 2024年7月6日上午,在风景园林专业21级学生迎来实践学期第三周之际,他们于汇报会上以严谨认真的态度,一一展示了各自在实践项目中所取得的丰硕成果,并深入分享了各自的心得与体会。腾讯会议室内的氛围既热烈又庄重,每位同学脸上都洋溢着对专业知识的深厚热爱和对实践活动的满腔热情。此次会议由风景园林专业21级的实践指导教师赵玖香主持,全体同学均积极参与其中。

...

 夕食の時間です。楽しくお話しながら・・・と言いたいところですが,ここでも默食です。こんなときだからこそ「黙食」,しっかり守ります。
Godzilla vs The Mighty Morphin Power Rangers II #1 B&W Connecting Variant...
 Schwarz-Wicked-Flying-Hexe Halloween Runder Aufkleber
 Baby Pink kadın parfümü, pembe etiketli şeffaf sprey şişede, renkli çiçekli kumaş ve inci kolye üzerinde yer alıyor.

→ EXERCISE GOAL
Using the data above, reproduce exactly the lines from the line that contains "Godzilla vs The" through the line that contains "Baby Pink kadın", including both.

→ WRITTEN SOLUTION
Godzilla vs The Mighty Morphin Power Rangers II #1 B&W Connecting Variant...
 Schwarz-Wicked-Flying-Hexe Halloween Runder Aufkleber
 Baby Pink kadın parfümü, pembe etiketli şeffaf sprey şişede, renkli çiçekli kumaş ve inci kolye üzerinde yer alıyor.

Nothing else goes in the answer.